Но обо всём этом надлежало потом как следует размыслить, когда пообвыкнусь тут, пооботрусь. Нам спешить некуда, наши жернова, как сами знаете, мелют медленно. Медленно – да верно.

– А что о работе скажешь? – задал я самый главный вопрос. – Тяжело ль приходится?

И вновь на минутку задумался Алай.

– Да как тебе сказать… Тут, конечно, не рудник и даже не мельница, спину не сорвёшь, но и без дела не сидят. Особенно летом да осенью, у господина аптекарский огород ведь большой, всякие целебные травы, и надо их правильно вырастить, правильно собрать, правильно высушить, а потом из них правильно снадобья изготовить. Силы особой тут не надо, а вот внимание да старание… это да.

Тут-то на меня просветление и снизошло. Появилась у меня догадка, почему взрослых слуг у господина нет. Ежели работа ни силы особой, ни ума не требует, то куда разумнее отроков нанять. Платить им не как взрослым, само собой, а то и вовсе не платить, а только кормить да одевать – а работа будет сделана не хуже. Что же до старания… так воспитывается старание. Уж мне ли не знать! И потому задал я следующий по главности вопрос.

– Дерут часто?

– Это нет, – ухмыльнулся Алай. – Только если кто очень уж постарается. Господин битья не жалует. Меня тут за полтора года ни разу не секли. Тут у нас не розги боятся, Гилар. У нас телеги боятся…

– Ага! – кивнул я с пониманием. Что ж, буду и я бояться телеги. Мне телега совершенно не нужна.

И тогда я задал третий главный вопрос. Хотя, может, и первый.

– А платят-то как?

Алай чуток замялся.

– Ну… не сказать чтобы очень много… Первые полгода вообще не платят, только за харчи работаешь. А потом господин начинает платить, по первому году всего ничего, десять медных грошей в месяц, а со второго года больше, и чем дольше служишь, тем больше получаешь. Тангиль вот серебряный огрим в месяц имеет. Да и тех денег мы не видим, их господин на руки не выдаёт, а только запись ведёт, кому сколько должен. Как уходит слуга, так всё сразу и получает. Даже тем, кого на телеге увозят, и то мешочек полагается.
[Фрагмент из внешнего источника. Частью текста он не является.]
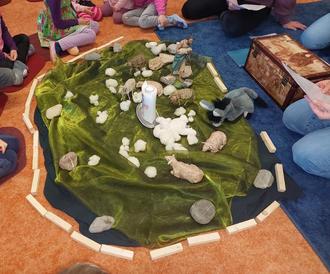 Am 29.01.2023 durften wir die erste Kinderkirche im neuen Jahr feiern. Und natürlich war unser Kinderkirchenmaskottchen „Vreni“ wieder mit dabei! Die Schatzkiste war dieses mal gefüllt mit Schafwolle, die die Kinder zunächst mit geschlossenen Augen fühlen durften. Da war die Überleitung zu der Geschichte vom „verlorenen Schaf“ schnell geschafft. In der Mitte wurden eine kleine Schafherde und ein Hirte aufgestellt. Bei der Mitmachgeschichte bauten die Kinder aus Bauklötzchen dann noch einen Zaun um die Herde und einen Stall dazu. Mit dem Lied „Pass auf kleines Auge was du siehst“ war unsere Geschichte dann zu Ende und wir sprachen die Fürbitten und das Vater unser. Nach dem Segen durften alle Kinder noch ein kleines Schäfchen aus Papier und Wolle basteln. Die Kinderkirchen-Schafherde schmückt ab sofort unseren Kinderkirchenraum!

Да, прямо сказать – ниже среднего. Хотя это для взрослого слуги – ниже, а для моих сверстников и так неплохо. Я даже успокоился слегка. Слишком большая плата меня бы насторожила, а вот когда господин за полугрош держится – это дело самое что ни на есть обычное. Куда более странно, что заработанное не выдаётся на руки. А в город сходить, повеселиться, и всё такое? Похоже, не очень-то отсюда выпускают в город. И это само по себе интересно.